On a live production facility, such as an Oil & Gas platform, the process will be continuous, and any downtime caused by Safety Instrument Function (SIF) testing can be very costly.

As these types of assets continue to push out planned maintenance outages to maximise production, new techniques are being explored to provide the same assurance and confidence that the assets Safety Instrumented Systems (SIS) will perform as designed in the event of a potential major accident hazard.

This case study will explore techniques on how SIF testing can be achieved with Sub System testing.

SIF Testing

Sub System Testing

Both the complete Safety Instrument System (SIS) and its Safety Instrument Functions (SIFs) can both be defined as three separate sub systems;

  • Sensor Subsystem
  • Logic Solver Subsystem
  • Final Element Sub System

To validate the functionality of the SIS / SIF, end to end testing needs to be performed to ensure the activation of the Sensor, through the Logic Solver, to the Final Element, actions as designed.

Each SIF will have a proof test interval defined as part of its Safety Requirement Specification (SRS), detailing the timescale between performing end to end testing.

Traditional means of SIF testing will require the live production system to be utilised.

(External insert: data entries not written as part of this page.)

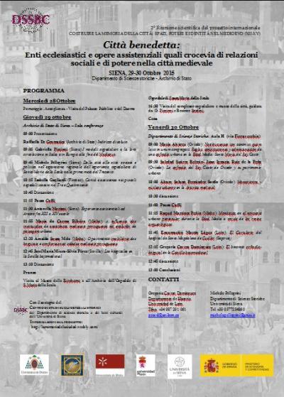 09:45 Michele Pellegrini (Siena): Dalla città alle città: società e politica nell’espansione regionale dell’esperienza ospedaliera di Santa Maria della Scala nella prima metà del Trecento.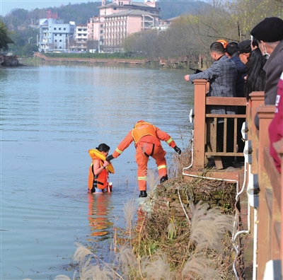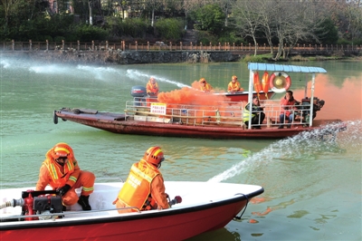 “请问是119吗,我的船失火动不了,我们都不会游泳,请救救我们...”1月19日下午2时许,市区一号桥淦河水域上快艇疾驰,快艇上的救援人员用水枪对“失火”的船只灭火,并将水里的人员救起。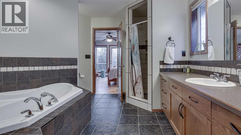 33 Parkside Crescent is a beautifully located and well-constructed walk-out bungalow backing onto a green space. The trail behind the property takes you on a peaceful walk around the pond and to the nearby playground. Recent big-ticket upgrades to the home include new shingles (2023), hardwood on the main floor and stairs (2023), and air conditioning (2024). The welcoming floor plan greets you with a conveniently wide front entrance. The bedroom nearest the entrance has a built in wall-bed. This room can also function perfectly as an inspiring den/workspace with its west-facing window. The kitchen is spacious and loaded with storage space. It includes good-looking stainless steel appliances and a large island/eating bar. The living room, with its gas fireplace, forms the heart of the main floor. The dining area and deck provide pleasing views to the East/Northeast. The primary bedroom is very spacious, as is the 4 piece ensuite (soaker tub and tiled shower) and walk-in closet. A private deck can be accessed from this room as well. A main floor laundry and a 2 piece guest bathroom complete the upper level. The walk-out basement features a sizable family room with space for a ping pong table or, in this current configuration, a sewing and crafts area, a full bathroom, and two large bedrooms. The next owners will undoubtably find a useful function for the third room (no closet) as well. The utility room is well organized and offers additional storage space. Enjoy the stamped concrete patio and fenced, zero maintenance backyard with stone, trees, artificial grass, garden shed, and a small dog run. It's good to have a cozy little covered sitting area at the front of the home as well as the private backyard with gorgeous views. Another special feature of this home is the oversized, heated (in-floor) garage -- big enough to easily park a full size pickup truck and another full sized vehicle. (id:63190)

By activating the sensor (via a test medium, test tool etc), the SIS will respond accordingly and the executive actions of primary and secondary final elements will activate.

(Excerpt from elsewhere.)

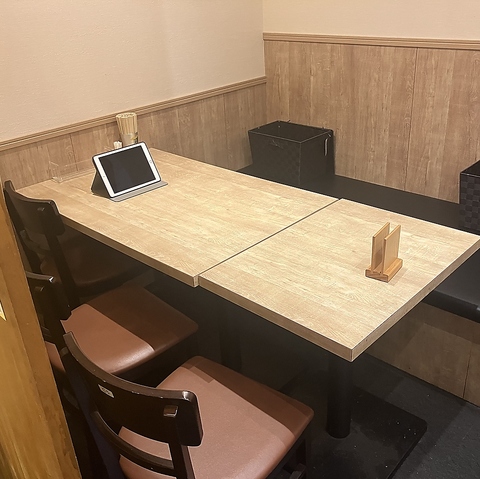 カウンター席や2~4名向けのテーブル席など、少人数で落ち着ける席を多数完備しています。視線を気にせずに過ごせる居心地の良いレイアウトが魅力で、デートやちょっとした会食にも対応◎木のぬくもりを感じる空間でくつろげます☆

The SIS / SIF subsystems can be defined from a Proof Testing perspective as;

  • Input Sub System
    • Sensor (Including field wiring and any interface devices (barriers etc))
    • SIS Input Module (Including termination boards)
    • SIS Application Software Input Processing Logic
  • Logic Solver Sub System
    • SIS Processor
    • SIS Application Software comprised of;
      • Input Processing Logic
      • Cause and Effect (C&E) Processing Logic
      • Output Processing Logic
  • Output Sub System
    • SIS Application Software Output Processing Logic
    • SIS Output Module (Including termination boards)
    • Final Element (Including field wiring and any interface devices (relays etc))


Input Sub System Testing

When performing Input / Sensor testing on the live production system, this can carried out through inhibited testing.

By activating the maintenance inhibit on the Sensor within the Logic Solver (normally via HMI), this will defeat the C&E Logic and prevent the Final Elements from activating.

Activating the sensor in the field whilst inhibited on the live production system can provide the following;

  • Confirmation of field wiring between Sensor, any interface devices and the SIS Input Module.
  • Confirmation of Input Configuration and Channel Allocations etc within Logic Solver.
  • Confirmation of configured sensor ranges and trip settings, both within the Sensor and Logic Solver.
  • Confirmation of HMI functionality and communications.

An example Inhibited test can be shown below;

The above testing can be shown on the System Proof Testing Block Diagram, showing the elements covered by the Input Testing with Inhibits applied;

By performing inhibited testing of sensors, there is minimal risk to the continuous production and hence this testing can be performed at any time, normally as part of the annual Planned Maintenance (PM) activities.

Output Sub System Testing

When performing Output / End Element testing on the live production system, this can be achieved by individual trip testing, allowing for the individual output to be actioned without activating a C&E trip.

By activating the trip function on the Final Element within the Logic Solver (normally via HMI or SIS Engineering Workbench), this will bypass the C&E Logic action for the single Final Element, negating the need to activate Sensors which will likely action multiple Final Elements.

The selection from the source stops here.